6x faster, 49% smaller, same WER on English
Plot twist: HuggingFace's Distil-Whisper is one of those rare distillations that actually keeps the quality. 6x faster, 49% smaller than Whisper Large V2, and the WER is within 1% on long-form English. Do not @ me, the paper is public.
The Setup
I dropped this into the same FFmpeg pipeline I was using AssemblyAI for. On the M4 Mac it runs at roughly 30x realtime — a 60-minute interview transcribes while I'm boiling the kettle.
pip install --upgrade transformers accelerate datasets[audio]
# pull the weights — distil-large-v3 is the move
huggingface-cli download distil-whisper/distil-large-v3The Money Pattern
The transformers pipeline wrapper makes this stupidly easy. Stand up a Netlify function or a queue worker, point it at the chunked audio, done.
from transformers import pipeline
import torch
asr = pipeline(
"automatic-speech-recognition",
model="distil-whisper/distil-large-v3",
torch_dtype=torch.float16,
device="mps", # M4 Mac
chunk_length_s=30,
batch_size=8,
)
out = asr(
"call-recording.wav",
return_timestamps=True,
)
print(out["text"])
for chunk in out["chunks"]:
print(chunk["timestamp"], chunk["text"])The Catch
It's English-only at the distil-large-v3 quality tier.
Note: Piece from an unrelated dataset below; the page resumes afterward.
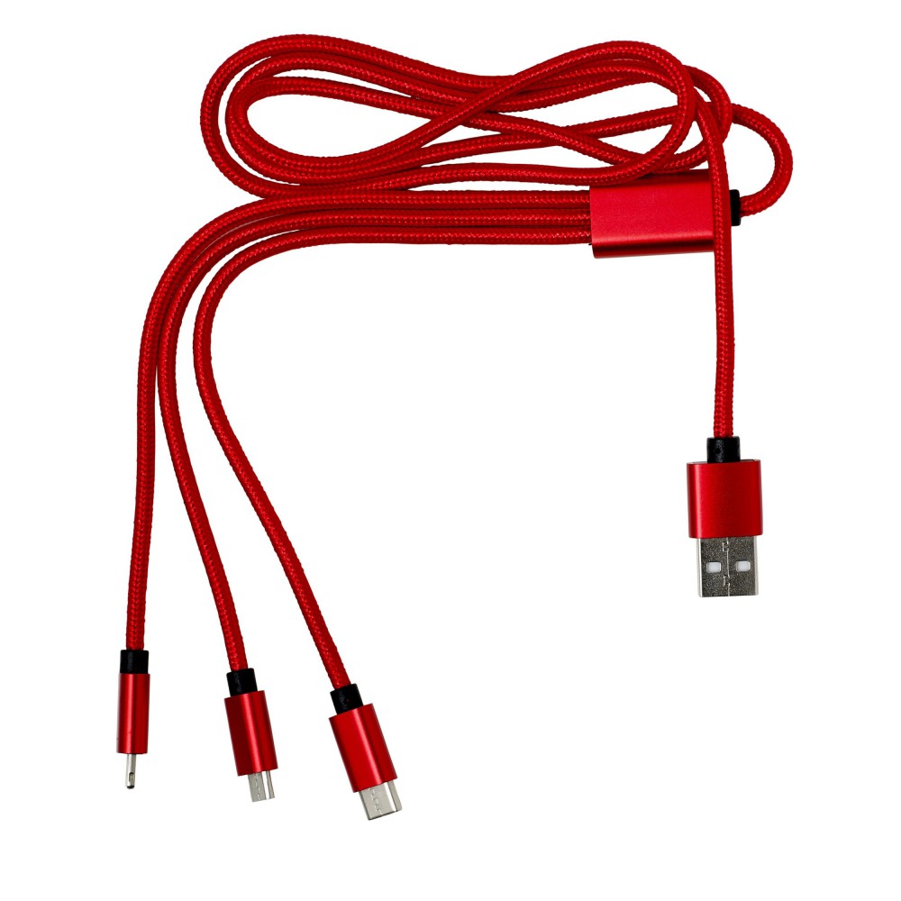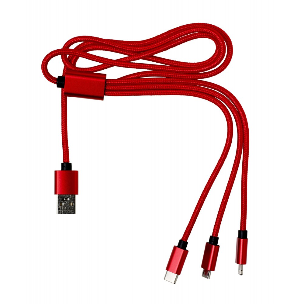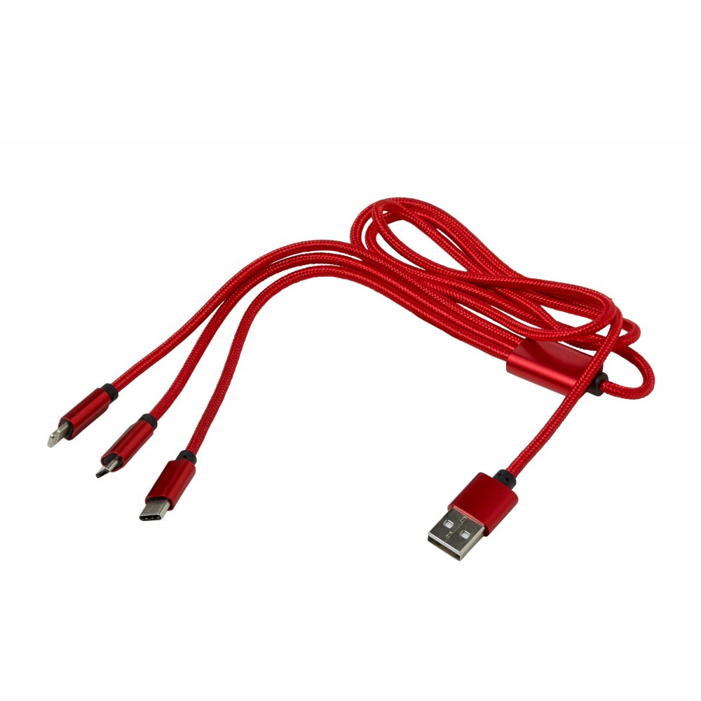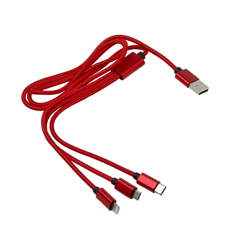 Töltőkábel az egyik végén USB csatlakozóval, a másik végén mikro USB, USB-C és Lightning csatlakozókkal. Nylon. Emblémázás: Gravírozás, Tamponnyomás

The multilingual distils exist but they're noticeably behind the full Whisper V3 on anything that isn't English. If you're transcribing Spanish or French calls, this isn't your model.
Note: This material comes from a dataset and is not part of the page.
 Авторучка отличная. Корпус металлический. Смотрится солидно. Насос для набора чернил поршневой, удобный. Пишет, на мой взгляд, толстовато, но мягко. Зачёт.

Also worth knowing: it inherits Whisper's silence-hallucination quirk. Run VAD first or you'll get "thank you for watching" sprinkled through your audio.
The Verdict
For English ASR on owned hardware, distil-large-v3 is the cheapest watts-per-minute you'll find. I've already migrated two internal Rebuild Relief tools off paid APIs and onto this. If your audio is English, your bill just got smaller.